To test whether an environment with FAST Cache and a reduced number of disks could perform as well as an environment without FAST Cache, but with a larger number of disks, we tested performance with two different disk configurations. Workloads were tested on a set of 20 HDDs and then on a set of 11 HDDs, in both cases grouped into three LUNs. Each LUN was in a distinct RAID 0 group. Due to the performance characteristics of RAID 0, we expected the 20 HDD configuration to have better performance to than the 11 HDD configuration. The placement of workloads onto LUNs was meant to model a naïve environment with nonoptimal storage setup. Two LUNs held workload tile data, and the third smaller LUN served as the destination for VM Deploy and Storage vMotion workloads. The first LUN held VMs from the first and third tiles, and the second LUN held VMs from the second and fourth tiles. Running VMmark 2 with more than one tile per LUN was atypical of our best practices for the benchmark. It created a severe bottleneck for the disk, which was meant to simulate the types of storage performance issues we sometimes see in customer environments.

All VMmark 2 tests were conducted on a cluster of four identically configured entry-level Dell Power Edge R310 servers running ESXi 5.0. All components in the environment besides FAST Cache and number of HDDs remained unchanged during testing.

To characterize cluster performance at multiple load levels, we increased the number of tiles until the cluster reached saturation, defined as when the run failed to meet Quality of Service (QoS) requirements. Scaling out the number of tiles until saturation allows us to determine the maximum VMmark 2 load the cluster could support and to compare performance at each level of load for each cache and storage configuration. All data points are the mean of three tests in each configuration. Scaling data was generated by normalizing every score to the lowest passing score, which was 1 tile with FAST Cache disabled on 20 HDDs.
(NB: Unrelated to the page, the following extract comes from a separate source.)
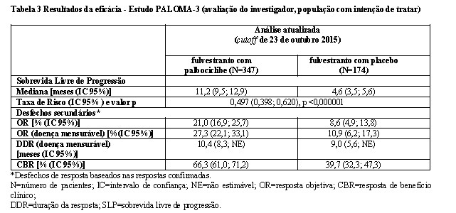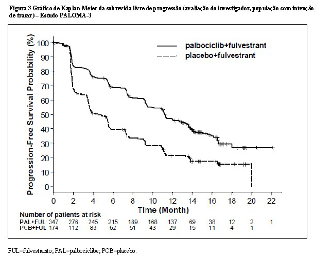 PALOMA-3 foi um estudo randomizado, duplo-cego, de grupo paralelos e multicêntrico de fulvestranto 500 mg com palbociclibe 125 mg versus fulvestranto 500 mg com placebo, conduzido em mulheres portadoras de câncer de mama positivo para o receptor hormonal (RH), negativo para o receptor do fator de crescimento epidérmico humano 2 (HER-2) e localmente avançado não passível de ressecção ou terapia de radiação com intenção curativa ou metastático, independentemente do estado menopausal, cuja doença progrediu após terapia endócrina prévia no cenário (neo) adjuvante ou metastático (Cristofanilli M. et al. Lancet 2016; 17 (4):425).

VMmark 2.1.1 Scaling With and Without FAST Cache

With FAST Cache disabled, the 20 HDD LUNs reached saturation at 2 tiles, and the 11 HDD LUNs were unable to support even 1 tile of load. Because all VMs for each tile were placed on the same LUN, a 1 tile run used one LUN, consisting of only four out of 11 HDDs or eight out of 20 HDDs. 4 HDDs were insufficient to provide the required QoS for even 1 tile. When FAST Cache was enabled, the 11 HDD and 20 HDD configurations supported 4 tiles. This is a remarkable improvement; with the addition of FAST Cache, the system could support twice as much load while still meeting QoS requirements. Even at lower load levels, the equivalent system with FAST Cache was allowing greater throughput and showed resulting increases in the VMmark score of 26% at 1 tile and 31% at 2 tiles. With FAST Cache enabled, the configuration with 11 HDDs performed equivalently to one with 20 HDDs until the system approached saturation.

With FAST Cache enabled, the system supported twice as much load on almost half as many disks. The results show that an environment with a 92 GB FAST Cache was able to greatly outperform a HDD-only environment that contains 82% more disks. At 4 tiles with FAST Cache enabled, the cluster’s CPU utilization was approaching saturation, reaching an average of 84%, but was not yet bottlenecked on storage.
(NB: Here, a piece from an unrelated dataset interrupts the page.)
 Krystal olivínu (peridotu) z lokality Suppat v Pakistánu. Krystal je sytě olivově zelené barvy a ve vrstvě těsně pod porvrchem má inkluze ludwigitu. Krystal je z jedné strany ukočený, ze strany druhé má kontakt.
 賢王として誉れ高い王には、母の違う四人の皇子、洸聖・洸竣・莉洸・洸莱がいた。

In our tests, performance did not scale up very much as we increased FAST Cache size from 92 GB to 366 GB and the number of HDDs from 11 to 20.

VMmark 2.1.1 Scaling with FAST Cache

We can see that all configurations scaled very similarly from 1 to 3 tiles with only minor differences appearing, primarily between the 92 GB FAST Cache and 366 GB FAST Cache. Only at the highest load level did performance begin to diverge. Predictably, the largest cache configurations show the best performance at 4 tiles, followed by the smaller cache configurations. To determine whether this performance falloff was directly attributable to the cache size and number of HDDs, we needed to know whether FAST Cache was performing to capacity.
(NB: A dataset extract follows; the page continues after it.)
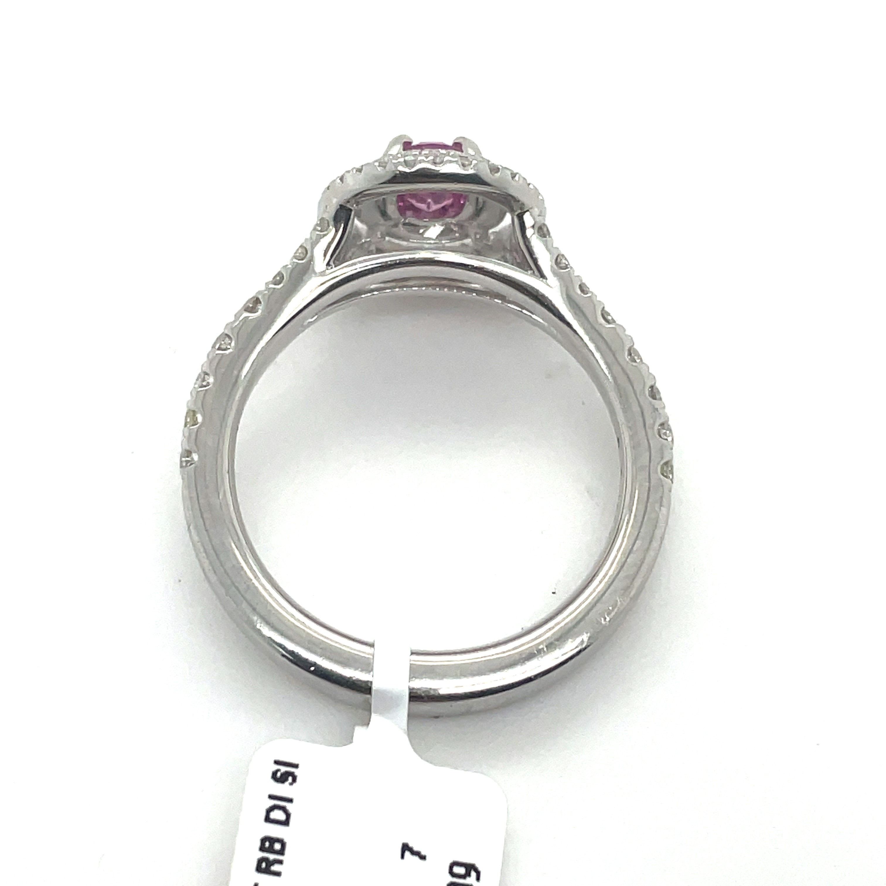 1=.47CT OVAL PINK SAPPHIRE, PRONG SET SURROUNDED BY DIAMOND HALO

Below are the FAST Cache and DRAM cache hit percentages for read and write operations at the 4 tile load. On average, our VMmark testing had I/O operations of 24% reads and 76% writes.

Total Cache Hits at 4 TilesRead and Write Cache Hits at 4 tiles
Click to Enlarge

With the 366 GB FAST Cache, nearly all reads and writes were hitting either the DRAM or FAST Cache. In these cases, the number of backing disks did not affect the score because disks were rarely being accessed. At this cache size, all frequently accessed data fit into the FAST Cache. However, with the 92 GB FAST Cache, the cache hit percentage decreased to 96.5% and 92.1% for the 11 HDD and 20 HDD configurations, respectively. This indicated that the entire working set could no longer fit into the 92 GB FAST Cache. The 11 HDD configuration began to show decreased performance relative to 20 HDDs, because although only 3.5% of total I/O operations were going to disk, the increase in disk latency was large enough to reduce throughput and affect VMmark score. Despite this, a FAST Cache of 92 GB was still sufficient to provide us with VMmark performance that met QoS requirements. The higher read hit percentages in the 11 HDD configuration reflected this reduced throughput. Lower throughput resulted in a smaller working set and an accordingly higher read hit percentage.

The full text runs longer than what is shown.